**Assigned task:** In the data below, begin at the line with "The eaglet is" and stop after the line with "Con Marvel Avengers"; output those lines exactly and no pictures.
___ Provided data
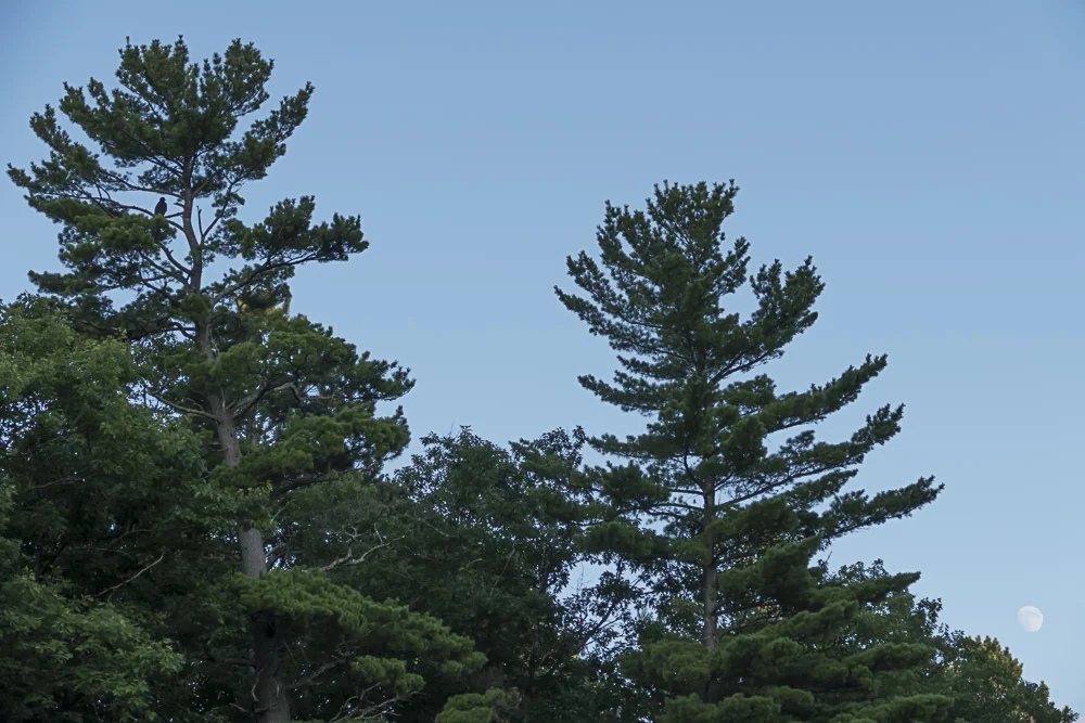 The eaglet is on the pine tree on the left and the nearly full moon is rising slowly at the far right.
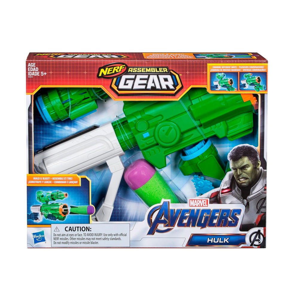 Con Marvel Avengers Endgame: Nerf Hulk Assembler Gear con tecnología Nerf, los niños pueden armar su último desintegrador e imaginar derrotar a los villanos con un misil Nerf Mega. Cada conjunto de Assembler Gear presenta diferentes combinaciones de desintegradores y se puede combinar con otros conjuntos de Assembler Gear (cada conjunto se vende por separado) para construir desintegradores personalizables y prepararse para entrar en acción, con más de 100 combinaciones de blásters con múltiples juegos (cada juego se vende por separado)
______
___ Provided data
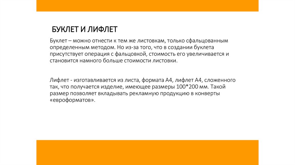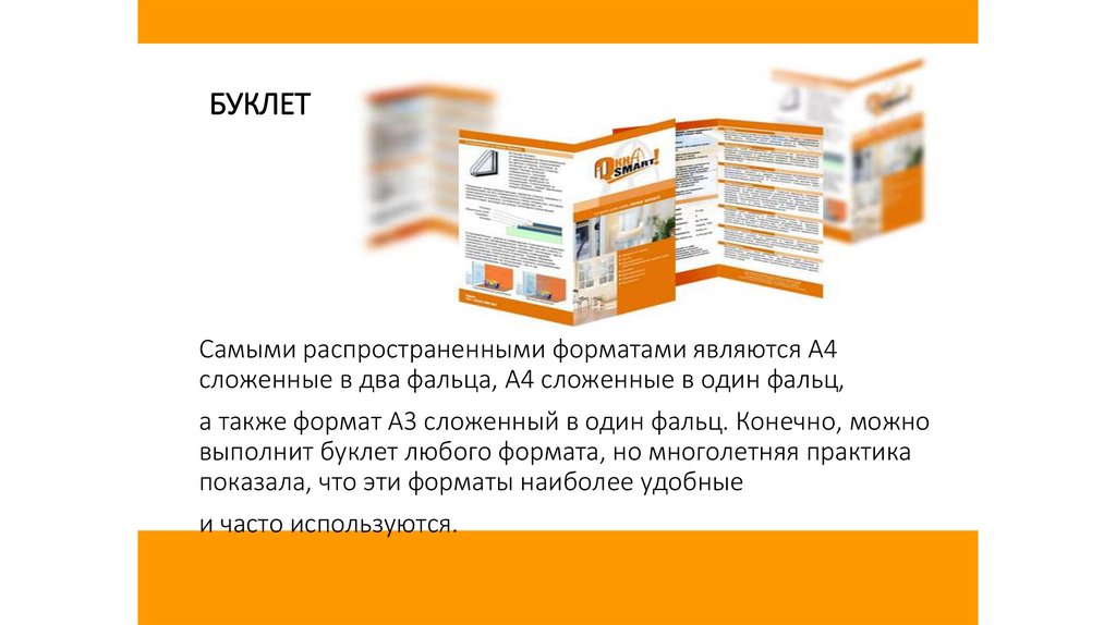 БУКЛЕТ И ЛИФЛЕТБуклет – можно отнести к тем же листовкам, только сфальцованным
______
**Output for this task:**
 The eaglet is on the pine tree on the left and the nearly full moon is rising slowly at the far right.
 Con Marvel Avengers Endgame: Nerf Hulk Assembler Gear con tecnología Nerf, los niños pueden armar su último desintegrador e imaginar derrotar a los villanos con un misil Nerf Mega. Cada conjunto de Assembler Gear presenta diferentes combinaciones de desintegradores y se puede combinar con otros conjuntos de Assembler Gear (cada conjunto se vende por separado) para construir desintegradores personalizables y prepararse para entrar en acción, con más de 100 combinaciones de blásters con múltiples juegos (cada juego se vende por separado)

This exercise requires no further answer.